(MATERIAL TO PROCESS begins)

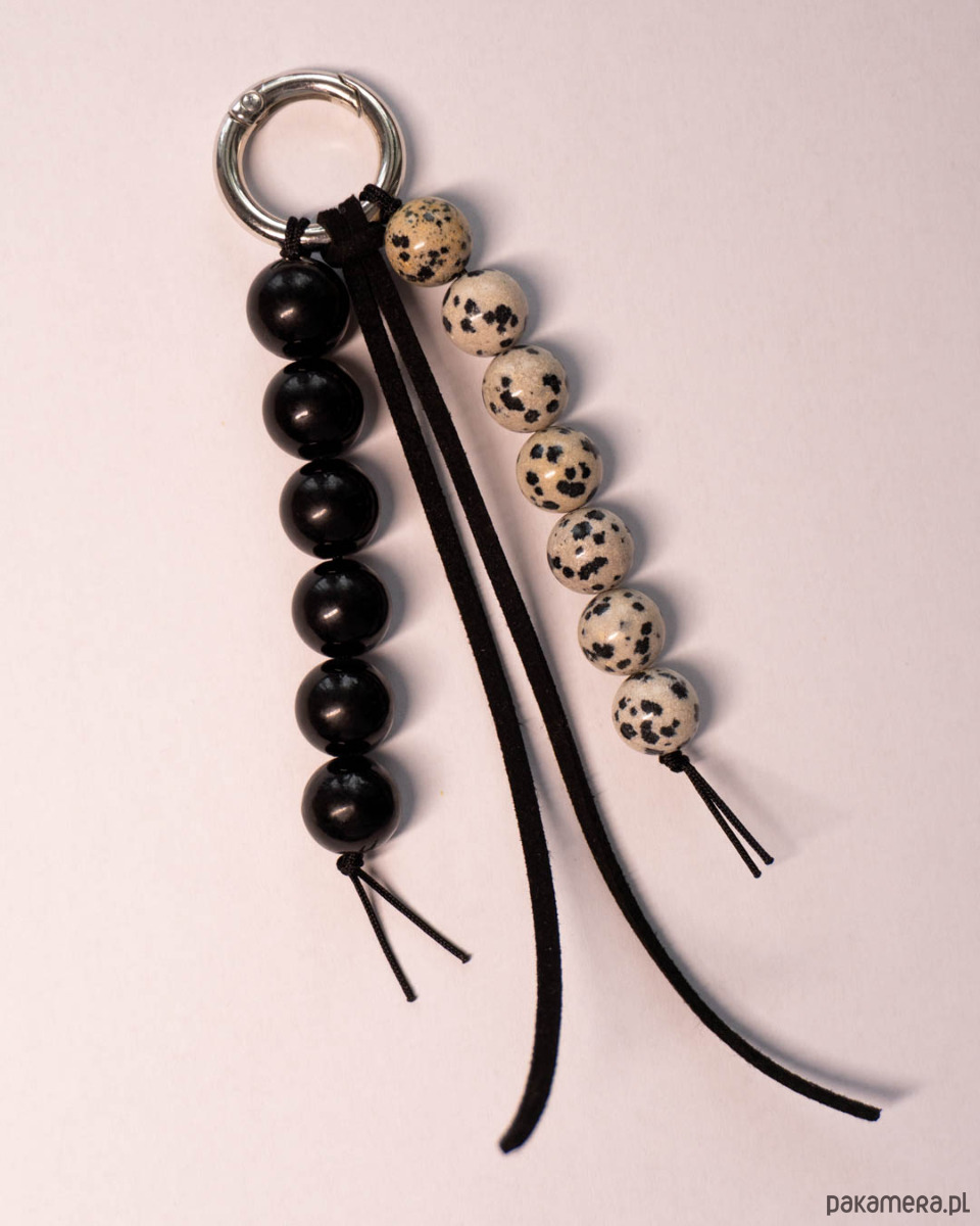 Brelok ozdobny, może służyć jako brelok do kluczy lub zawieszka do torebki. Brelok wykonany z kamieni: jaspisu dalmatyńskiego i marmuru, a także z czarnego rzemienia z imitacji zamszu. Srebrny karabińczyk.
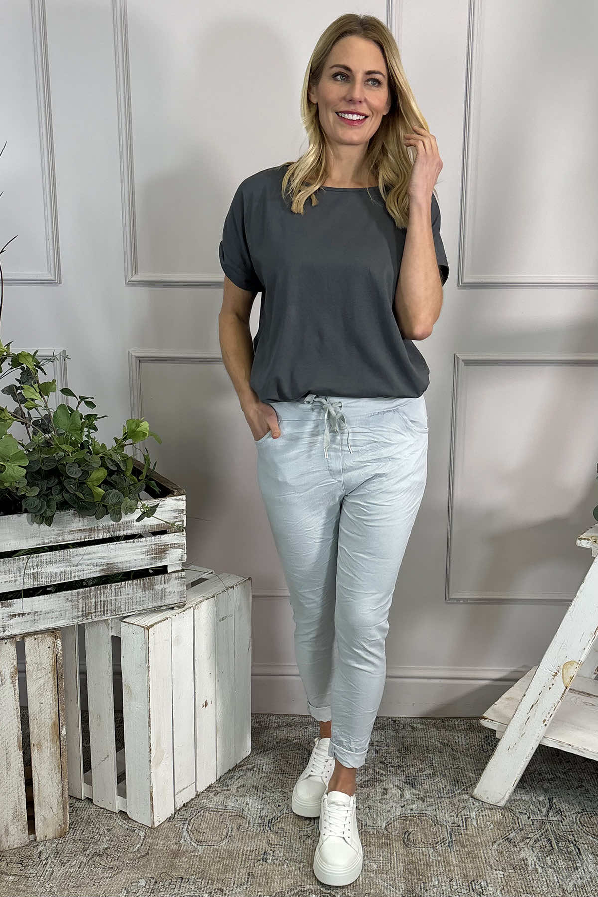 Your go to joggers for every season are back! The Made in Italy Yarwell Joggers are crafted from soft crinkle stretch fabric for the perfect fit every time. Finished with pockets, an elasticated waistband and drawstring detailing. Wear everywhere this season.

(MATERIAL TO PROCESS ends)
(MATERIAL TO PROCESS begins)

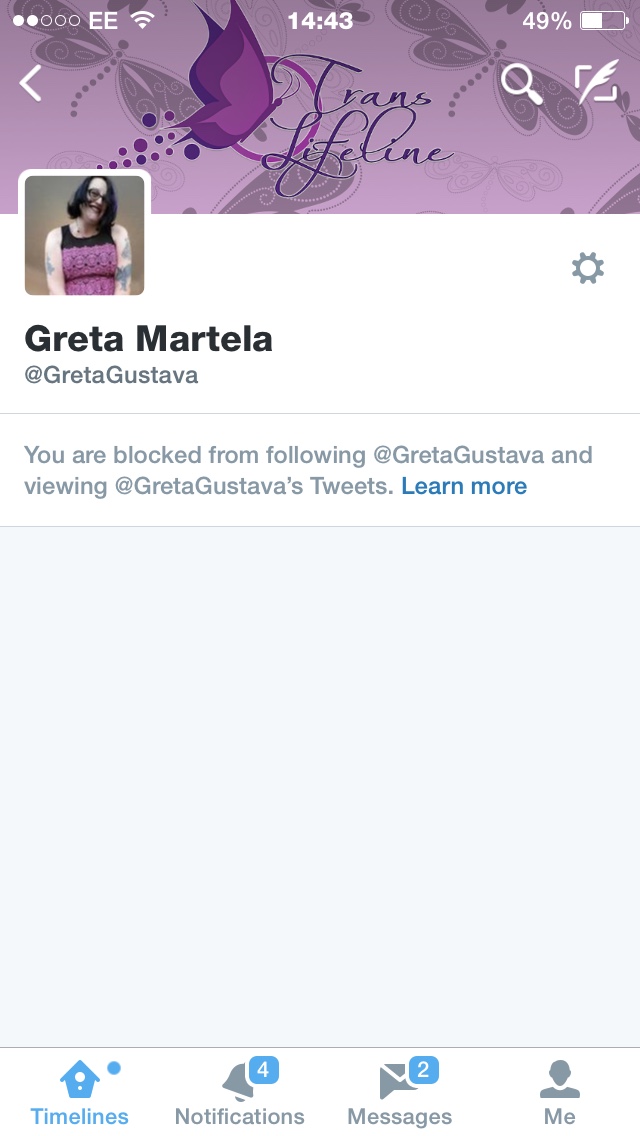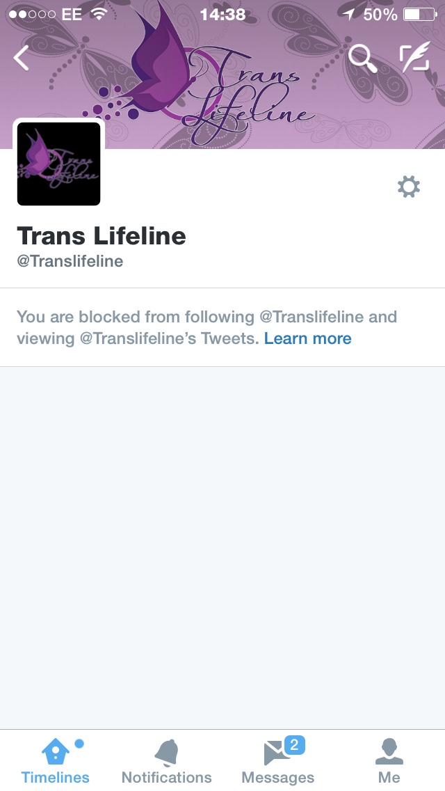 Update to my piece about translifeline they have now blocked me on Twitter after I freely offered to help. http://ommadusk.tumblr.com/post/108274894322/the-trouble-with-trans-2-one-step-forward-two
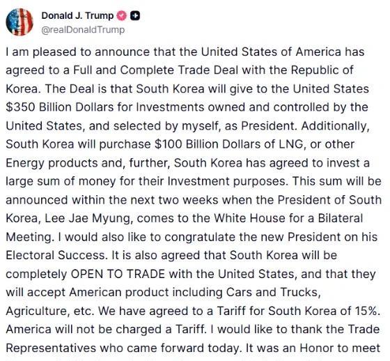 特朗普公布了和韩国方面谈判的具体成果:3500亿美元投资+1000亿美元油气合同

(MATERIAL TO PROCESS ends)
(MATERIAL TO PROCESS begins)

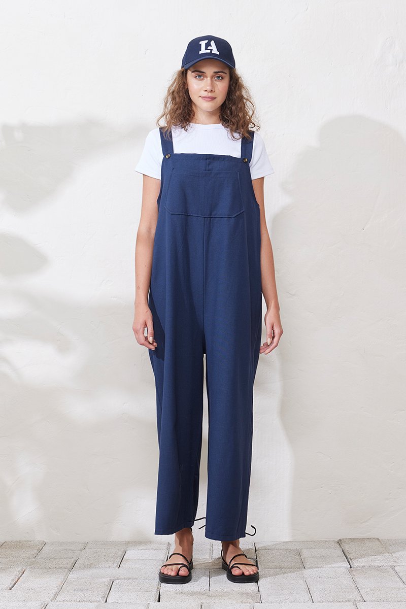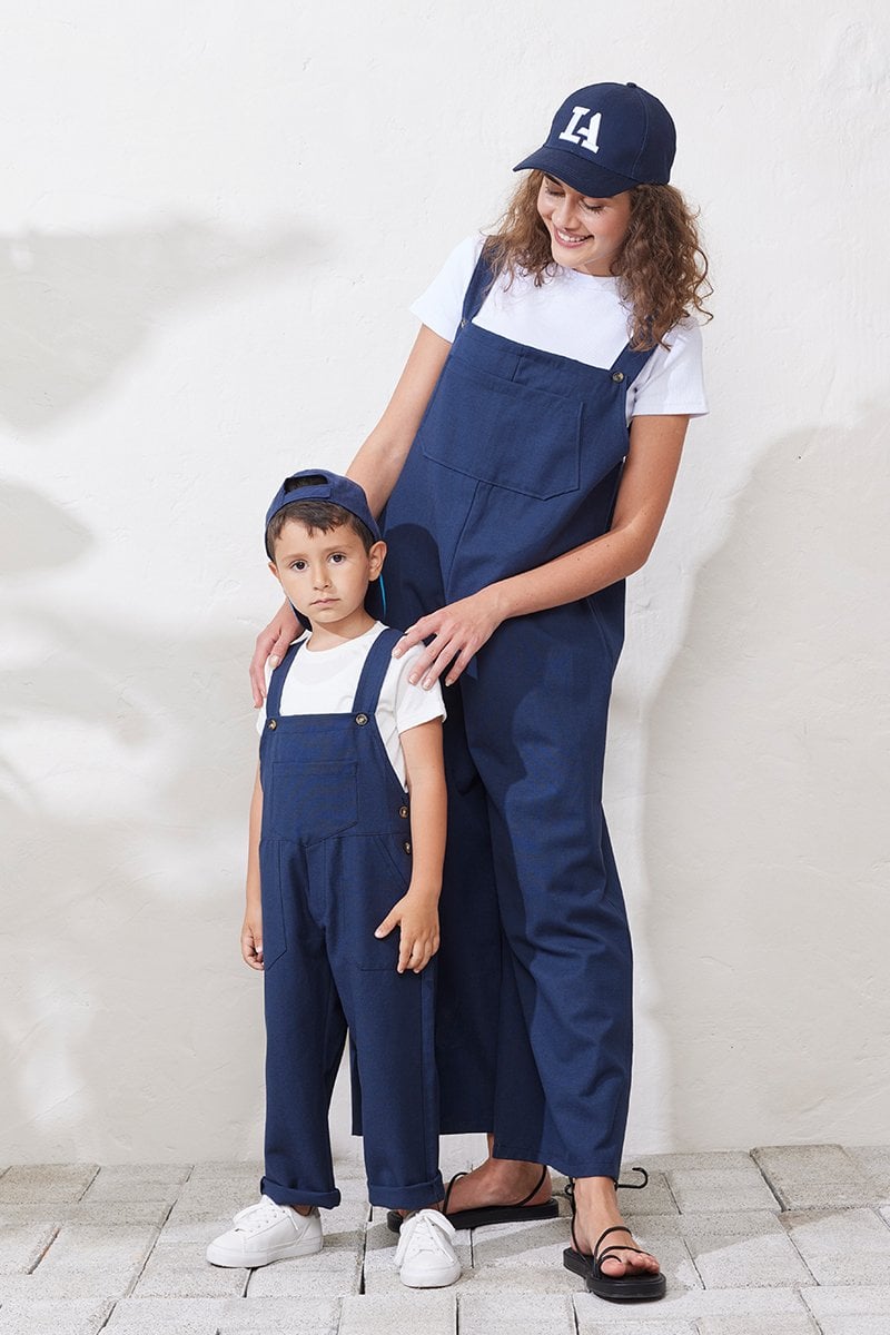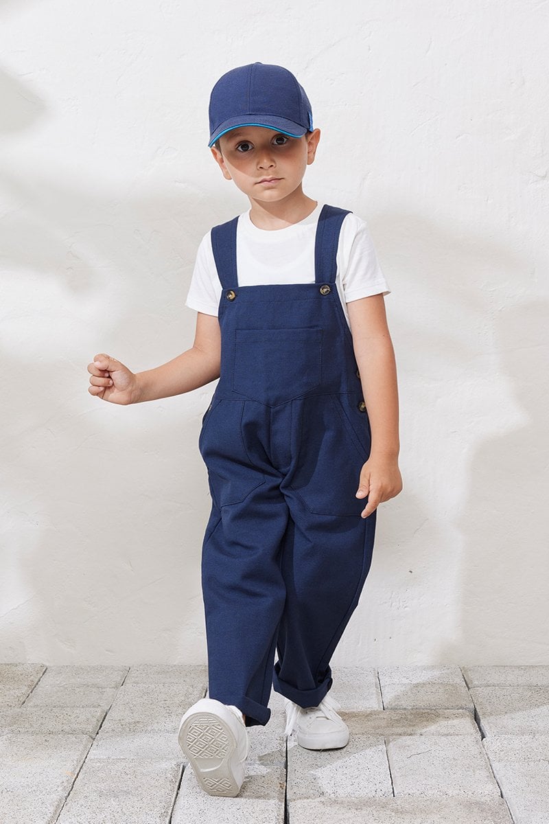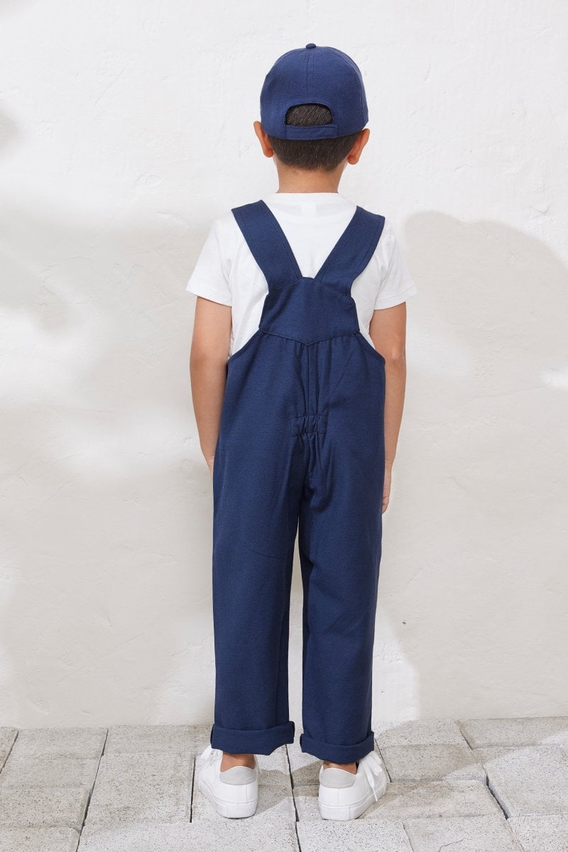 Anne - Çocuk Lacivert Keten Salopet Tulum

(MATERIAL TO PROCESS ends)

THE PROBLEM: Of the records above, print only the lines from the one containing "Brelok ozdobny, może" through the one containing "Your go to joggers", inclusive and unaltered, leaving out pictures.

RESPONSE TO THIS TASK:
 Brelok ozdobny, może służyć jako brelok do kluczy lub zawieszka do torebki. Brelok wykonany z kamieni: jaspisu dalmatyńskiego i marmuru, a także z czarnego rzemienia z imitacji zamszu. Srebrny karabińczyk.
 Your go to joggers for every season are back! The Made in Italy Yarwell Joggers are crafted from soft crinkle stretch fabric for the perfect fit every time. Finished with pockets, an elasticated waistband and drawstring detailing. Wear everywhere this season.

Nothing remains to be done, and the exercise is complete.